Faeldon happy to be in crowded jail | Inquirer News

Faeldon happy to be in crowded jail

DEFIANT AS EVER Former Customs Commissioner Nicanor Faeldon is brought to the Pasay City Jail from the Senate basement,where he had been held since last September after he was cited for contempt by the Senate blue ribbon committee. —MARIANNE BERMUDEZ

Wearing a black T-shirt emblazoned with the words “Truth is Justice,” former Customs Commissioner Nicanor Faeldon received a “very, very warm welcome” at the Pasay City Jail, where he was transferred from the Senate on Tuesday morning, his lawyer said.

“He is a typical detainee, no exceptions, no special privileges, and that’s how he likes it,” said Jose Diño, Faeldon’s lawyer.


The Senate blue ribbon committee on Monday ordered Faeldon held at the Pasay jail after trading barbs with Sen. Richard Gordon, chair of the panel looking into the smuggling from China of P6.4 billion worth of “shabu” (crystal meth) into the Philippines through the Bureau of Customs (BOC) last May.

“Senator Gordon, thank you for your supreme injustice, persecution and grandstanding,” Diño said, adding he had filed an urgent reiterative motion in the Supreme Court appealing for resolution of a pending motion for provisional relief.


Corruption at BOC

The Senate committee cited Faeldon for contempt last September for refusing to attend hearings. He said he had been prejudged as involved in alleged corruption at the BOC.
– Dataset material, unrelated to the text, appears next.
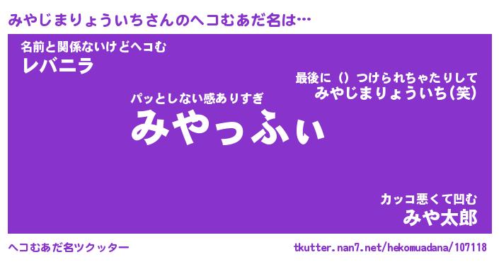 | 男性向けラノベタイトル風あだ名 | 『みやじまりょういちの憂鬱』 |
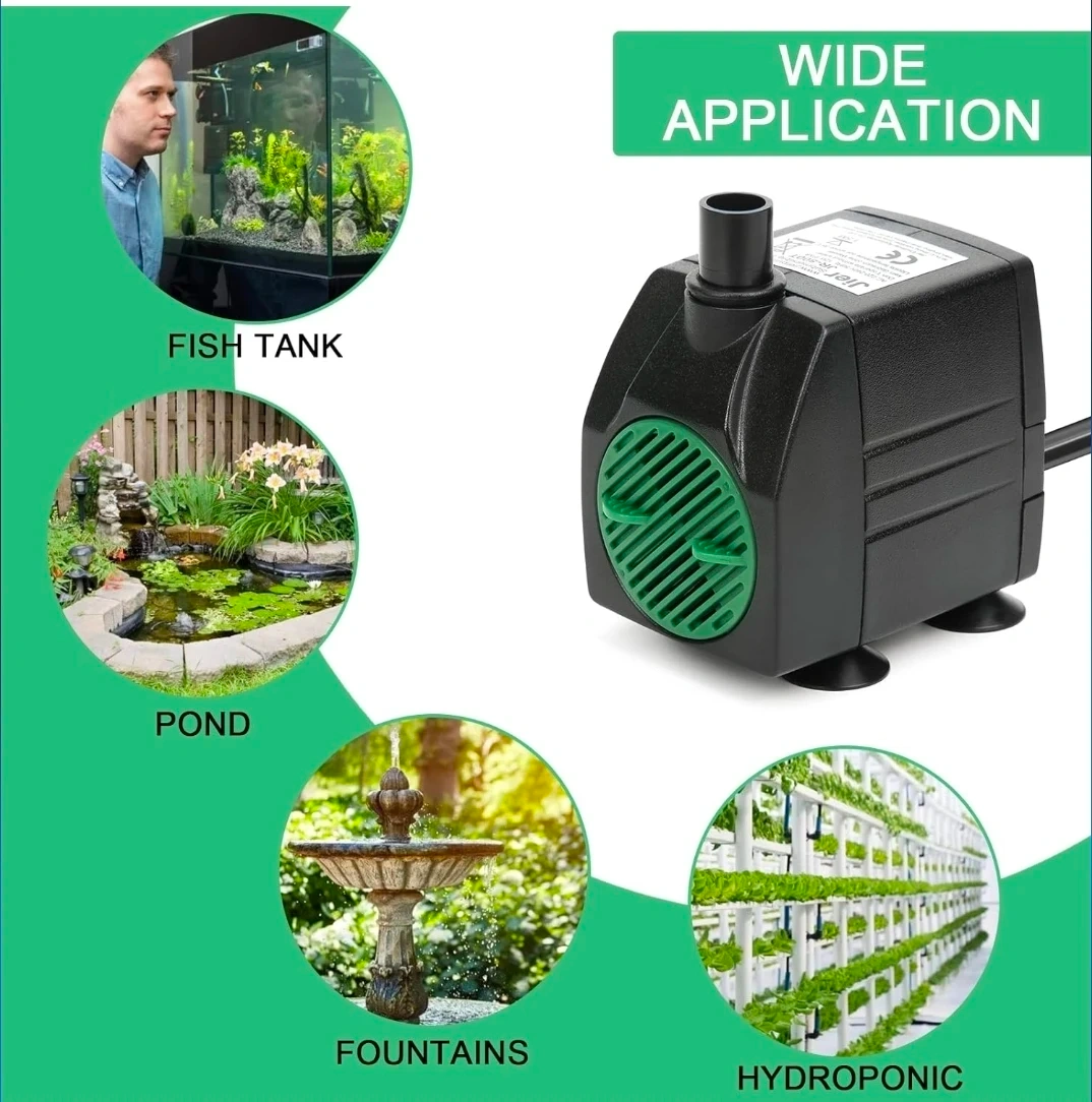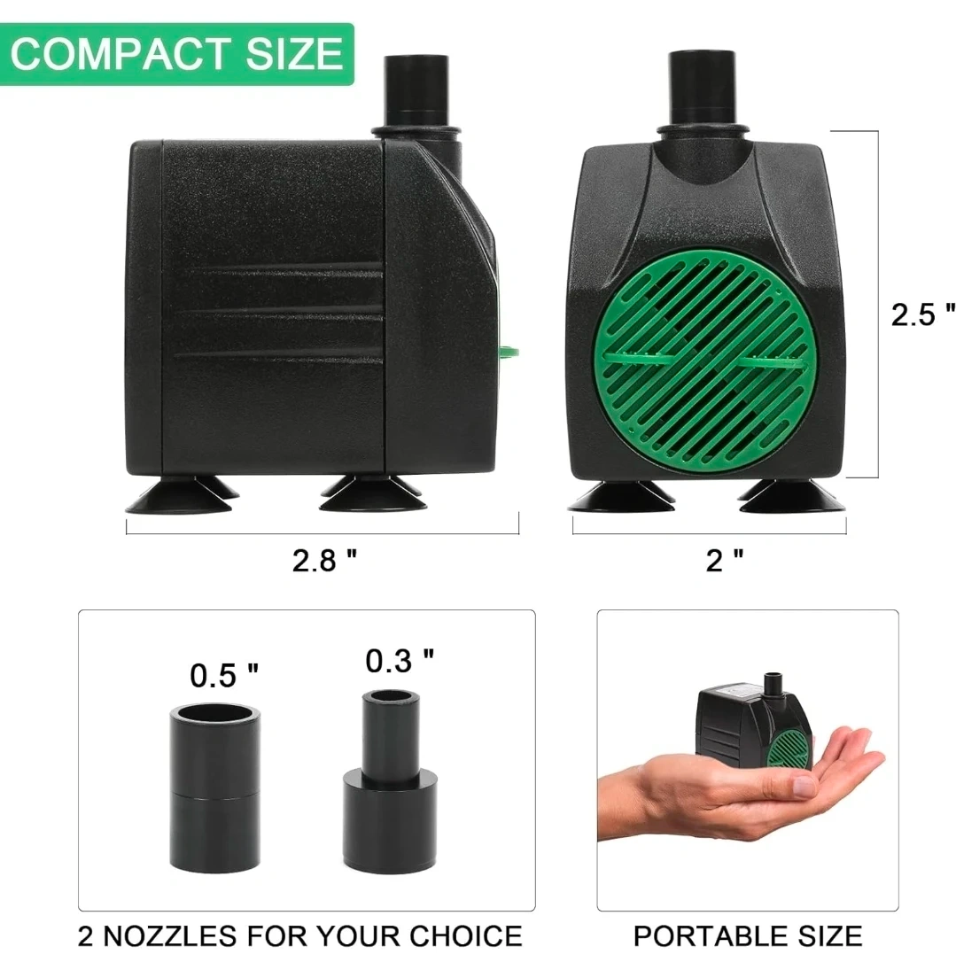 This is a compact and quiet submersible water pump from BARST. It's suitable for fish tanks, ponds, fountains, and hydroponics. The pump comes with two nozzles for your choice. It's detachable and easy to clean.

Justice Secretary Vitaliano Aguirre II, speaking to reporters in Lucena City on Tuesday, said the Senate could be committing abuse of discretion, but it was not a serious infraction for the judiciary to step into the case.

He said the Senate had plenary power to cite for contempt anybody appearing before it.

“The judiciary cannot usually meddle with it unless there is a grave abuse of discretion, in which case the Supreme Court may come in and correct the abuse,” Aguirre said.

President Duterte last month appointed Faeldon deputy administrator III at the Office of Civil Defense (OCD), an agency under the Department of National Defense, despite his detention in the Senate.

Malacañang on Tuesday said it did not matter where Faeldon was, after learning about the former custom’s chief’s transfer to the Pasay jail.


OCD job

“He can do his job as OCD officer from any location because it involves formulating policy,” presidential spokesperson Harry Roque said at a press briefing in Marawi City.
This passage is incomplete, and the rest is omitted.